Course Syllabus:
Entrepreneurship within Established Organizations

Faculty

Professor Christopher R. Trimble

Objectives

Overview

Compare the Fortune 500 list of several decades ago to today’s list and you may be surprised at just how much it has changed. Building a corporation that can sustain success as the business environment evolves from one decade to the next is difficult. This is an accomplishment that can be claimed by only a handful of corporations.
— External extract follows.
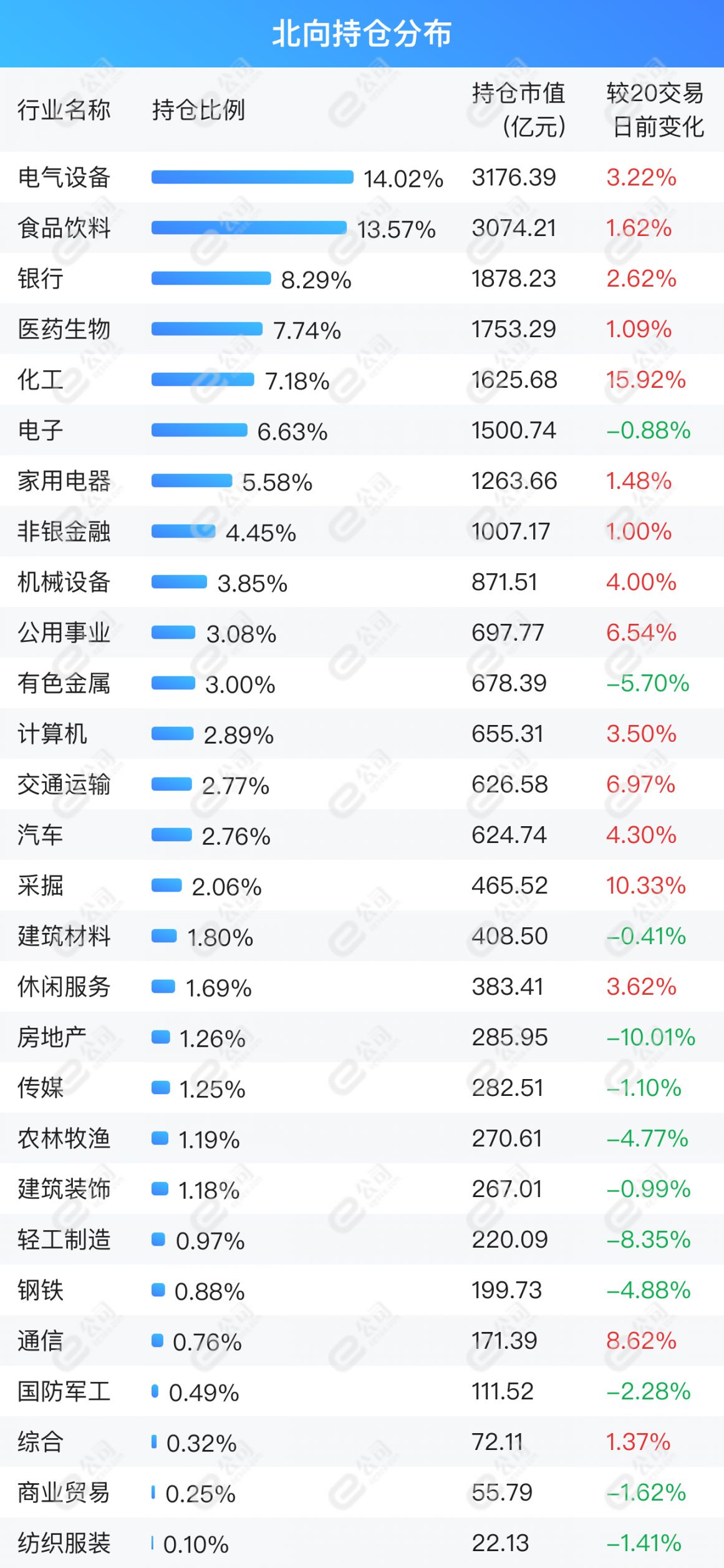 北向资金持仓市值前五行业为电气设备、食品饮料、银行、医药生物、化工,占持仓总市值50.81%。

The powerful forces of globalization and the digital revolution have only increased turnover among top corporations. In order to stay ahead of the game, corporations must learn to continuously create, grow, and profit from innovation of all forms — new processes, new products, new services, moves into adjacent markets, and breakthrough new businesses.

There is just one problem. There are fundamental incompatibilities between innovation and ongoing operations. And yet, somehow, corporations must achieve simultaneous excellence in both. How?

This course is based on eight years of research conducted here at the Tuck School by my co-author, Vijay Govindarajan, and I. This research has been the core activity of Tuck’s William F. Achtmeyer Center for Global Leadership. We have published findings from this research through several channels, including our 2005 book, Ten Rules for Strategic Innovators – from Idea to Execution, through papers in the Harvard Business Review, the MIT Sloan Management Review, the California Management Review, and through a column on Fast Company’s website. Audience

This is an interdisciplinary general management course. It is related to courses in the areas of strategy, management control, innovation and technology, and organizational behavior.

Method and Expectations

This class will be taught using the case method. Although I assign some additional reading, you should spend most of your study time focused on the case studies. You should read each case at least twice. I also strongly encourage study groups of any size.

In addition to assigning the case studies, I have added a few readings, including a few from our own publications, such as a few chapters from Ten Rules for Strategic Innovators, to help reinforce key points in the course.

You will notice that some of the chapters in Ten Rules are focused on the same case studies we examine in this course. However, these chapters are abbreviated retellings of the cases and only partial analyses. I have listed these chapters as optional readings, and suggest that the best time to read them is after the in-class discussion, to reinforce some of the central points from the session.

What This Course IS…and IS NOT…About

Imagine for a moment that you are a consultant and you have been asked to develop a strategy for a major innovation initiative for a large and successful company. Based on your research, you devise a business plan, and present it to the CEO. The CEO likes it, and decides to invest on the basis of your recommendation.

This course is about what happens next. We will focus on the challenges faced by the leaders of innovation initiatives, as well as how CEOs and other senior executives can either help or get in the way.

Thus, this course focuses on strategy implementation, not strategy formulation. That is, we are much more interested in the HOW than the WHAT.

This Course is NOT About Strategy Formulation

In the past, I have found that it is very easy for students to caught up in, and invest a lot of energy in, analyzing issues of strategy formulation. Is the innovation initiative advisable or not? However, strategy formulation is generally not the best use of time in this course. The cases we’ll study were not written from this perspective, and there is not enough information in the cases to support this type of discussion. Therefore, it will usually be best to avoid the following points of debate during this course:

Whether or not you think that the target customer will buy the innovative new product or service / whether the value proposition is compelling.
Whether or not you think the case company can beat the competition.
Whether or not you think the case company has a cost advantage.
These “Three Cs” – customer, competitor, costs – are the key issues of strategy formulation. I want you to assume that the case protagonists have invested a great deal of energy in developing a strategy, and that they are smart people.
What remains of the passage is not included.